Diagnosis is based mainly on the isolation of the pathogen from infected tissues and fluids, while imaging, histopathological, and other laboratory methods are of limited use, due to the fact that Legionella infection does not present with specific signs and symptoms. However, Legionella spp. do not grow on standard microbiology media and are usually not detected by blood culture or Gram stain or culture of sputum [10]. Urine antigen test is a rapid, practical, and inexpensive method for the diagnosis of the disease, characterized by specificity that almost reaches 100% [11]. The above explain the fact that the availability of tests for Legionella antigen in the urine resulted in a limited use of cultures and serological studies [12]. The primary disadvantage of urinary testing is that it detects only Legionella pneumophila serogroup 1.

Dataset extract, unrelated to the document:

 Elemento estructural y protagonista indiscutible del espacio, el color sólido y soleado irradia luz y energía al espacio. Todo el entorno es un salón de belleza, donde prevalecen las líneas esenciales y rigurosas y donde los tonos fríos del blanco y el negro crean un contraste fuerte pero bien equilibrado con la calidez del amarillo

Fluoroquinolones (such as moxifloxacin) and newer macrolides (such as azithromycin) are generally considered as the antibiotic agents of choice, regarding the treatment of Legionella pneumonia. Combined treatment is believed to be superior to monotherapy in cases of severe clinical disease or in immunosuppressed subjects [13]. In general, Legionella species are susceptible to antibiotics of choice; still, resistant strains have been described, especially in cases treated with rifampin [13]. The duration of treatment, with moxifloxacin or azithromycin, should be 7–10 days in uncomplicated cases and should reach 21 days in severe cases or in immunocompromised hosts [14].

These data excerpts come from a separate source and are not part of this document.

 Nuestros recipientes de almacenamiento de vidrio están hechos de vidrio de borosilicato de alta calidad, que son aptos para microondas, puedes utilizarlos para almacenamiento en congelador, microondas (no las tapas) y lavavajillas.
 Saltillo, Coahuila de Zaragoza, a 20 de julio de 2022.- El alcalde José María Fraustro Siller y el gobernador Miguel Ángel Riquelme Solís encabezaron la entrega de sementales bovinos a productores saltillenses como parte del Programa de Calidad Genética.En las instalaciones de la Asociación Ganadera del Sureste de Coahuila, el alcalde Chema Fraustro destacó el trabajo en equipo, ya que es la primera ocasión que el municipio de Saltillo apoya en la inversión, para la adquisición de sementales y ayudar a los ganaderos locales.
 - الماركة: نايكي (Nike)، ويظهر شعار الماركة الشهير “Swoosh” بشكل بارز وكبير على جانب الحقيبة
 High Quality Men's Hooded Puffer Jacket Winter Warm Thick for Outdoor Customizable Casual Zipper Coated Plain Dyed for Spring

The first report that associated Legionella and rhabdomyolysis was published in 1980 by Posner et al. [15] and since then, the above relationship has been well established. The exact mechanism of muscle injury caused by Legionella is still unclear. However, release of an endotoxin or exotoxin that causes rhabdomyolysis and direct bacterial invasion seem to be the most probable mechanisms [7]. High morbidity (57% of cases with acute renal failure) and mortality (death in 38% of cases) are linked with bacterial causes of rhabdomyolysis [7].

Legionella is an intracellular pathogen; therefore, cell-mediated immunity is believed to be the major host defence mechanism against the infection. Several studies have demonstrated a higher incidence of Legionella infection in patients under glucocorticoids and immunosuppressive drugs, transplant recipients, and those suffering from hairy cell leukemia [10]. Interestingly, HIV infection does not seem to predispose to the development of Legionnaires’ disease [16]. Similarly, splenectomy is not included among the factors, typically associated neither with higher risk for developing Legionellosis, nor with higher mortality, in hospitalised patients with community-acquired Legionnaires’ disease [17]. Asplenic individuals mainly have impaired humoral immunity and B-lymphocyte function and, to a smaller degree, some decrease in cell-mediated immunity [18]. Our patient had been subjected to splenectomy. We consider that this fact contributed to the severe clinical course, characterized by rhabdomyolysis and acute renal failure, demanding the combination of two antibiotics for the control of the infection. Our report is consistent with previous case reports [18, 19] describing severe Legionella infections in splenectomised subjects.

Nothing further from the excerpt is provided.